Your copy of the data should match it exactly, except that the pictures are gone.

DATASET EXTRACT below:

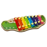 Bunte Holz-Xylophone in Krokodilform sind das ideale erste Musikinstrument für Kinder. 8 Metallplättchen in verschiedenen Farben fördern Gehör, Rhythmusgefühl und Feinmotorik. Enthalten sind 2 Holzschlägel und eine Karte mit einfachen Melodien – perfekter Spaß und gleichzeitig Farblernen.
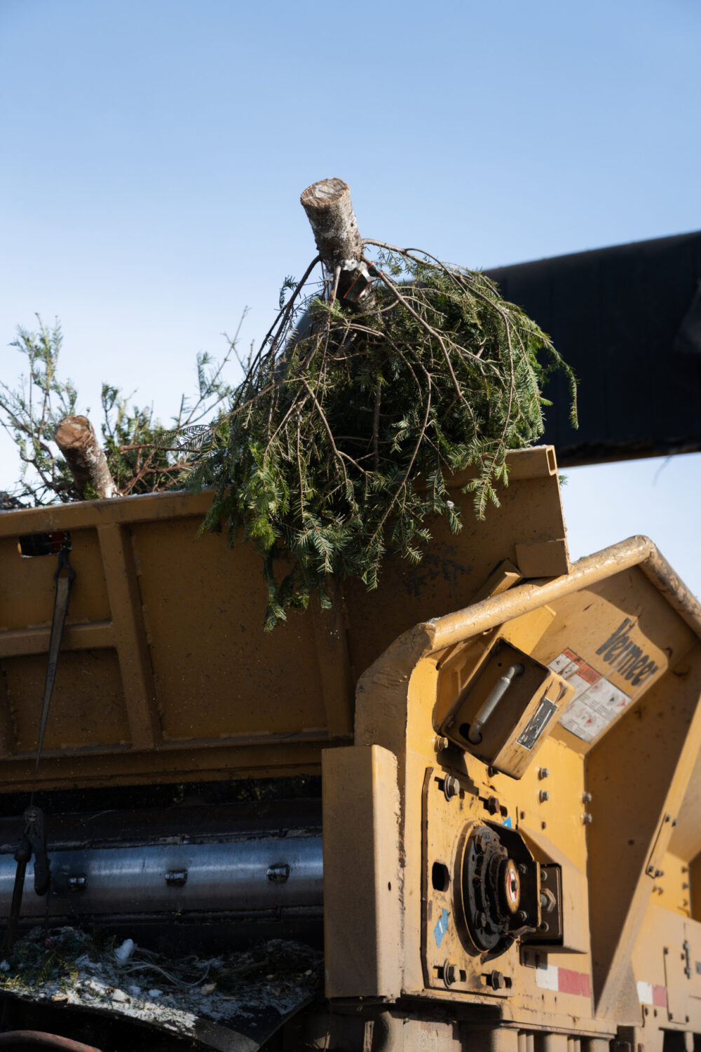 Au centre de l’usine, un immense broyeur industriel attire immédiatement le regard. La machine, unique en son genre au Canada selon l’entreprise, avale sapins et résidus de cèdre entiers pour les réduire en une matière fine, prête à être distillée. « Le sapin arrive ici entier, sans décorations. On le broie complètement avant de l’envoyer dans les cuves », explique Kevin Girard, directeur du développement chez Arbressence.
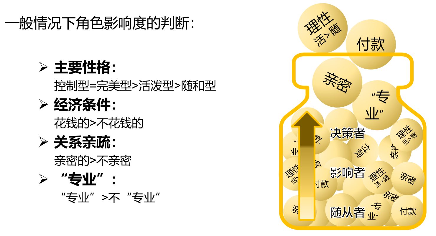 除了关系,影响比较大的是性格。以夫妻为例,女士可能成为决策者,但如果男士是强控制或强完美的性格,而女士是随和型性格,这时就会出现变数,男士就会成为决策者。

End of DATASET EXTRACT.

> SOLUTION FOR THIS EXERCISE
 Bunte Holz-Xylophone in Krokodilform sind das ideale erste Musikinstrument für Kinder. 8 Metallplättchen in verschiedenen Farben fördern Gehör, Rhythmusgefühl und Feinmotorik. Enthalten sind 2 Holzschlägel und eine Karte mit einfachen Melodien – perfekter Spaß und gleichzeitig Farblernen.
 Au centre de l’usine, un immense broyeur industriel attire immédiatement le regard. La machine, unique en son genre au Canada selon l’entreprise, avale sapins et résidus de cèdre entiers pour les réduire en une matière fine, prête à être distillée. « Le sapin arrive ici entier, sans décorations. On le broie complètement avant de l’envoyer dans les cuves », explique Kevin Girard, directeur du développement chez Arbressence.
 除了关系,影响比较大的是性格。以夫妻为例,女士可能成为决策者,但如果男士是强控制或强完美的性格,而女士是随和型性格,这时就会出现变数,男士就会成为决策者。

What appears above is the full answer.